• DATA SEGMENT:
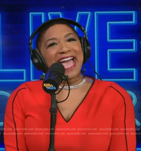 Deja Vu on Live with Kelly and Mark on Disney ABC Home Entertainment was spotted wearing this red piping dress on Live with Kelly and Mark on Dec 08 2023's episode. Deja Vu's Dress is the Scuba Crepe Piping Trim Sheath Dress by Calvin Klein.
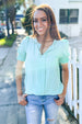 Look elegant and put together with this notched neck blouse featuring smocked short sleeves and front seam details. Slightly textured with a smooth, silky feel, this blouse will look flattering on any body type.
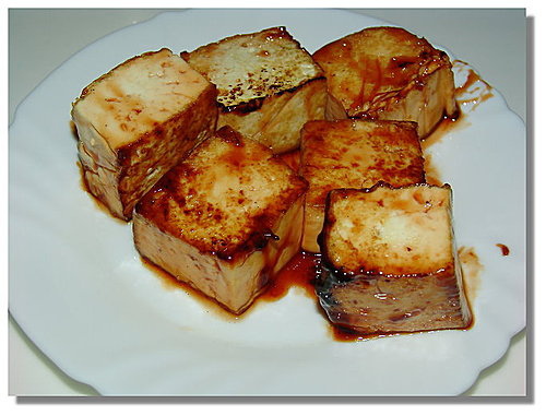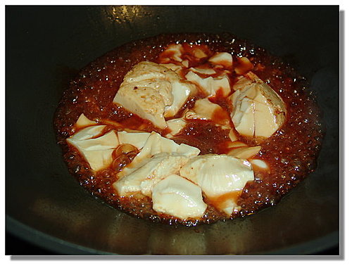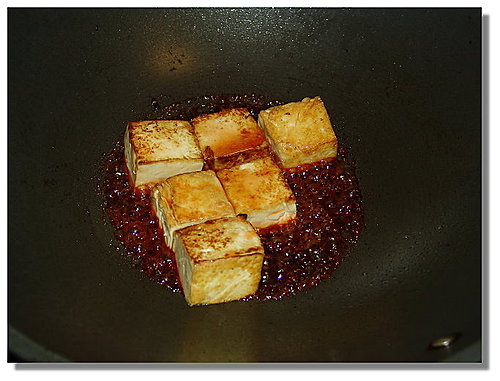 煎到豆腐外表焦黃,下蒲燒醬,再煎到收汁就好了
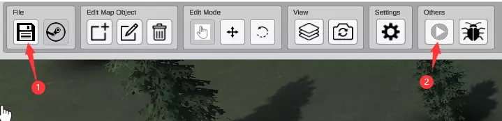 5.保存地图 要保存您的修改,请使用【保存】按钮(1)或键盘组合键【Ctrl+S】。保存后,您可以通过【在游戏中体验】按钮(2)在游戏中测试编辑过的地图。此时您所做的改动应该就能在游戏里可见(仅限于从地图编辑器启动游戏,直接启动游戏无法看到改动)。

• WHAT YOU ARE ASKED TO DO:
Word for word, retype the lines from the one with "Look elegant and" through the final line of the data, both included. No pictures belong in the copy.

• ANSWER TO THE EXERCISE:
 Look elegant and put together with this notched neck blouse featuring smocked short sleeves and front seam details. Slightly textured with a smooth, silky feel, this blouse will look flattering on any body type.
 煎到豆腐外表焦黃,下蒲燒醬,再煎到收汁就好了
 5.保存地图 要保存您的修改,请使用【保存】按钮(1)或键盘组合键【Ctrl+S】。保存后,您可以通过【在游戏中体验】按钮(2)在游戏中测试编辑过的地图。此时您所做的改动应该就能在游戏里可见(仅限于从地图编辑器启动游戏,直接启动游戏无法看到改动)。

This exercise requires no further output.